WHAT IS REQUIRED:
Gather each line in the entries that includes the string "buena".
*** Opening of GIVEN DATA ***
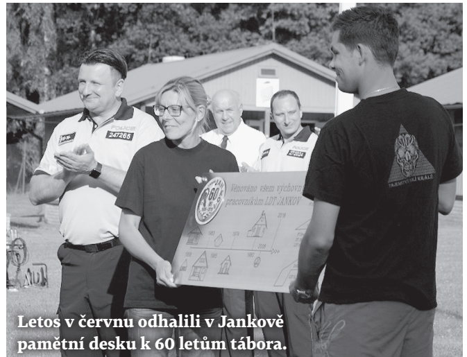
Letoš v červnu odhalili v Jankově pamětní desku k 60 letům tábora.

V této době patřil tábor Jankov k výběrovým zařízením pro rekreaci dětí zaměstnanců. Mnohdy tak nebylo vůbec jednoduché získat poukaz na letní pobyt. Jezdily sem děti doslova z celé republiky, pochopitelně včetně Slovenska, i když jich nebylo mnoho. Kromě toho tábor sloužil, i když
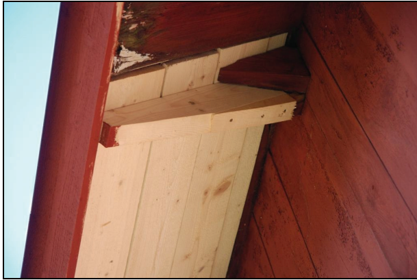
Underdimensionerad taktass, skarv fästad med skruv. Underbrädningen lagd i takets längdriktning istället för i fallriktningen.
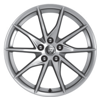
18" s 10 paprsky Styl 1036 Silver [031FK]
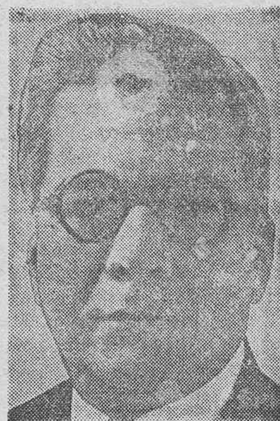
El presidente de Cuba, general Machado, contra el cual se han sublevado varias provincias, creándole una situación difícil.
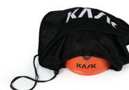
WAC00026 SACCA PORTACASCO
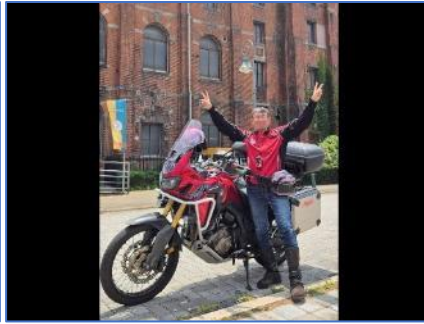
門司赤煉瓦ブレイス
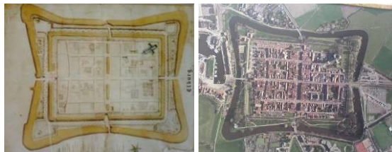
Elburg als ontwerp en een luchtfoto zoals het er nu uitziet

Elburg is een zeer oude plaats die in 1233 stadsrechten kreeg. Door de ligging aan de Zuiderzee waren er vaak overstromingen; de Marcellisvloed in 1362 deed de deur dicht. De hertog van Gelre, Willem van Gulick, gaf de opdracht om Elburg te verplaatsen.
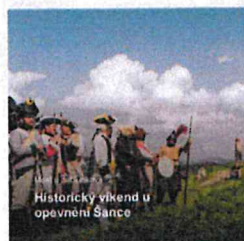
Historický víkend u opevnění Sance
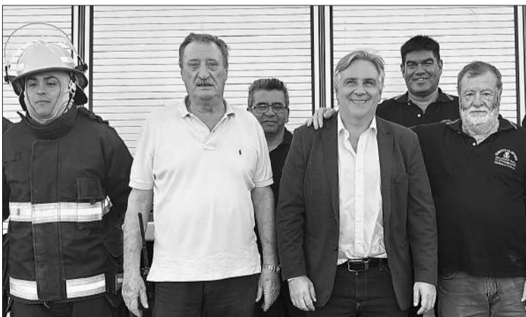
En Villa del Dique, Llaryora anunció aportes, entregó viviendas y créditos.

El gobernador Martín Llaryora aseguró que en Córdoba “podemos pensar distinto, pero podemos trabajar juntos. Porque nosotros no queremos construir trincheras, preferimos construir puentes, rutas y llevar soluciones a cada localidad que visitamos. El consenso y el diálogo permanente con los intendentes y jefes comunales es lo que mantiene a Córdoba de pie, que la hace pujante y nos permite continuar ejecutando obras de infraestructura”. El mandatario hizo esta reflexión el sábado pasado en su paso por Villa del Dique, donde anunció el aporte de la Provincia de $ 140 millones para el centro de salud, entregó viviendas, escrituras, créditos del Bando de la Gente y anunció la construcción de un parque de energía renovable. Llaryora valoró la obra pública como parte
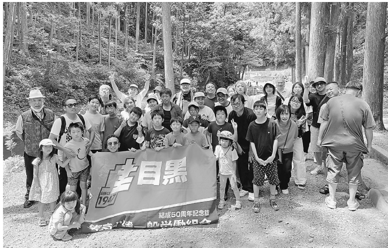
組織部も総出の39人

8月6日(日)、後継者「トライブ」でサクプレとしてコロナ前に大好評だった秋川マス釣り国際渓谷でバーベキューを行ってまきました。 サクプレとはサクセサープレイ「後継者の遊び」という意味です。若者に組合の行事はかっこいいことをし
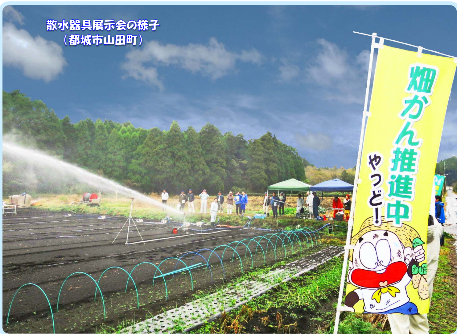
散水器具展示会の様子 (都城市山田町)
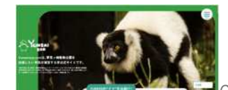
夢見ヶ崎動物公園非公式HP
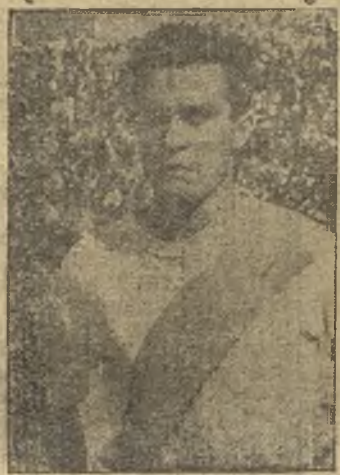
Felines, siempre en buena línea

El encuentro fue dirigido por el señor Saiz, realizando un perfecto arbitraje, con buena visión; igualmente cumplieron
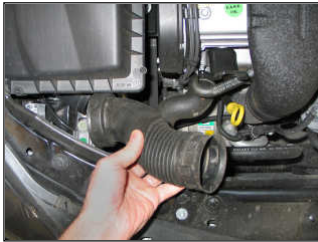
Fig. # 1

WARNING: Before starting the engine carry out a final fitment check of the K&N performance kit. It will be necessary for all intake systems to be checked periodically for realignment, clearance and tightening of all connections. Failure to follow the above instructions or proper maintenance may void the warranty.
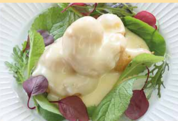
エビのマヨソース和え
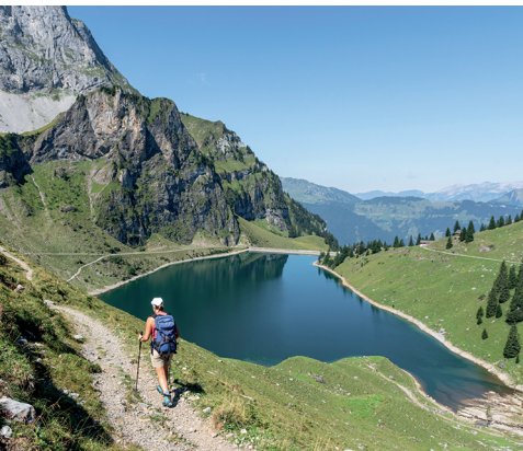
Nach der ersten Steigung zeigt sich der Bannalpsee in seiner vollen Grösse.
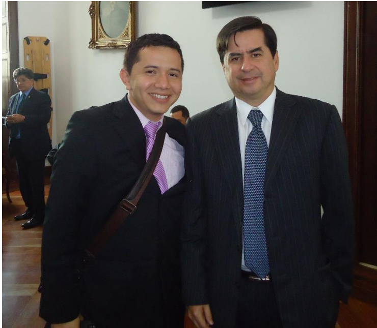
Entrevista Realizada a Juan Fernando Cristo, Abogado y político colombiano. Militante del Partido Liberal Senador de Colombia desde 1998, y Exministro del Interior 2014 del Gobierno de Juan Manuel Santos.
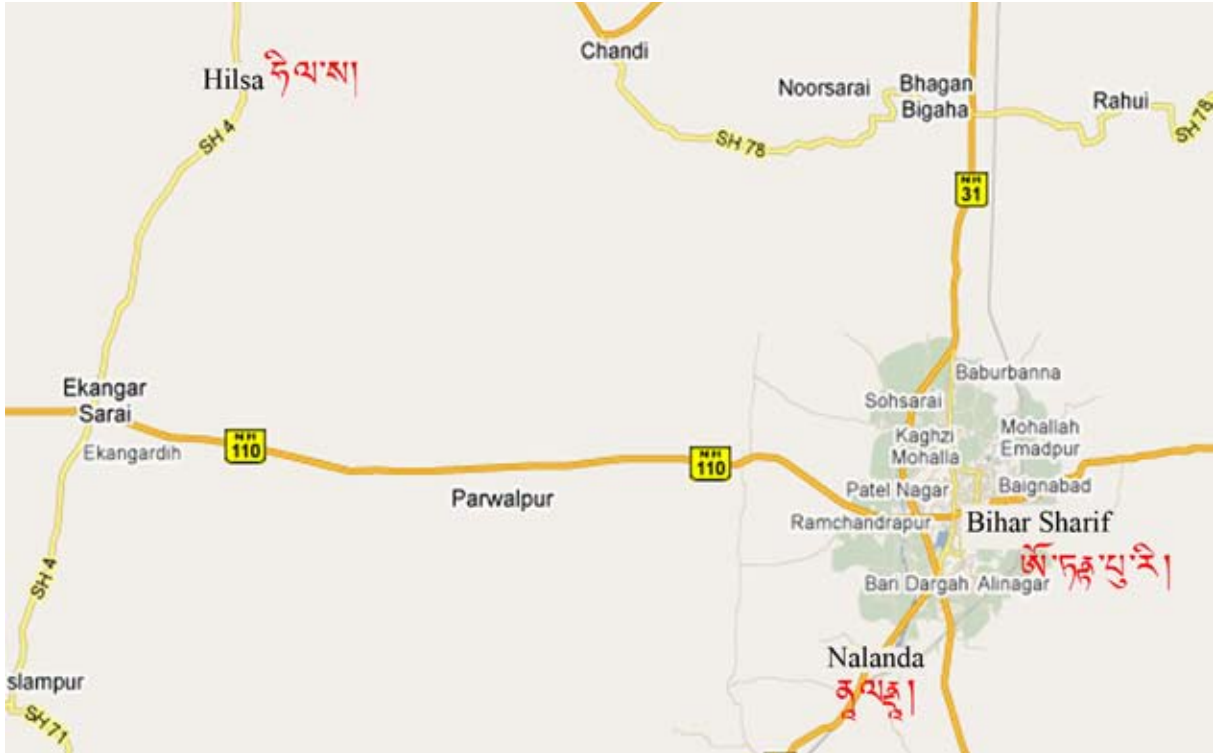
Tel Hara University

གཙུག་ལག་སློབ་གཉེར་ཁང་དེ་ཉེལ་ཏཱ་མངའ་སྡེ་གྲོང་གསེབ་ནང་ཡོད་སྟབས་ཉེལ་ཏཱ་མངའ་སྡེ་གཙུག་ལག་སློབ་གཉེར་ཁང་ཞེས་མིང་ ཐོགས་པ་ཡིན། ཉེལ་ཏཱ་མངའ་སྡེ་གྲོང་གསེབ་ནི་རྒྱ་ལྗང་ལེ་རུབ་བྱེད་ཉེལ་སྟོང་དལ་ཁོངས་ཀྱི་གྲོང་གསེབ་ཚུང་ཚུང་ཞིག་ཡིན། ངོ་སྟོན།
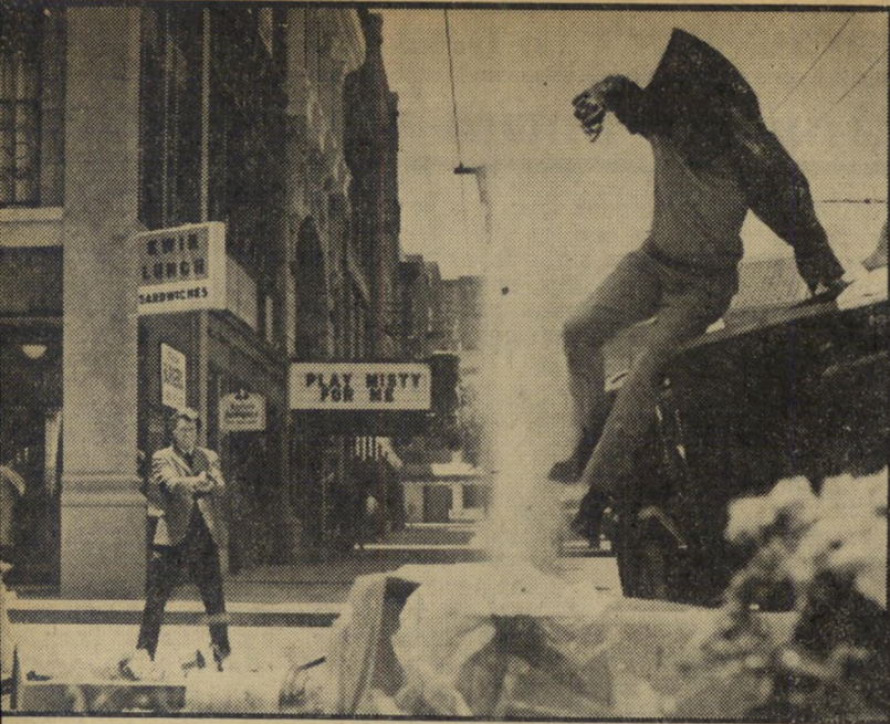
2. הארי המזוהם (ארה"ב)
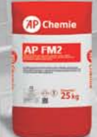
FM2 Zaprawa do murowania oraz spoinowania ścian (z traniem reńskim)
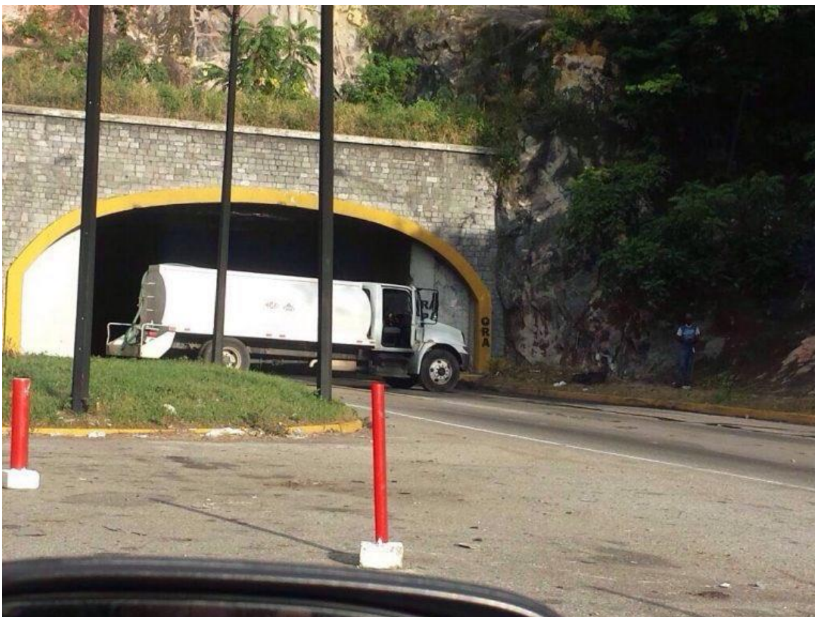
31 de agosto. Vehículo de carga pesada atravesado en la entrada del Túnel de La Cabrera, entre los estados Aragua y Carabobo, en sentido a Caracas. Tránsito interrumpido por varias horas.
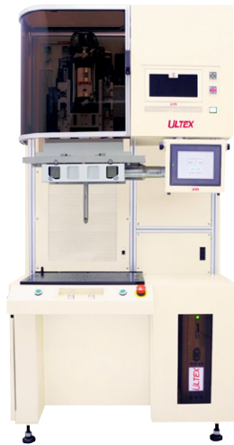
15/20MZi Lab system
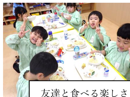
友達と食べる楽しさ
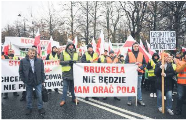
Podczas manifestacji plantatorzy przekazali premierowi petycję, w której domagają się odrzucenia niekorzystnych pomysłów WHO i KE oraz aktywnej obrony interesów polskich rolników.
*** Close of GIVEN DATA ***
WRITTEN SOLUTION:
Felines, siempre en buena línea
El encuentro fue dirigido por el señor Saiz, realizando un perfecto arbitraje, con buena visión; igualmente cumplieron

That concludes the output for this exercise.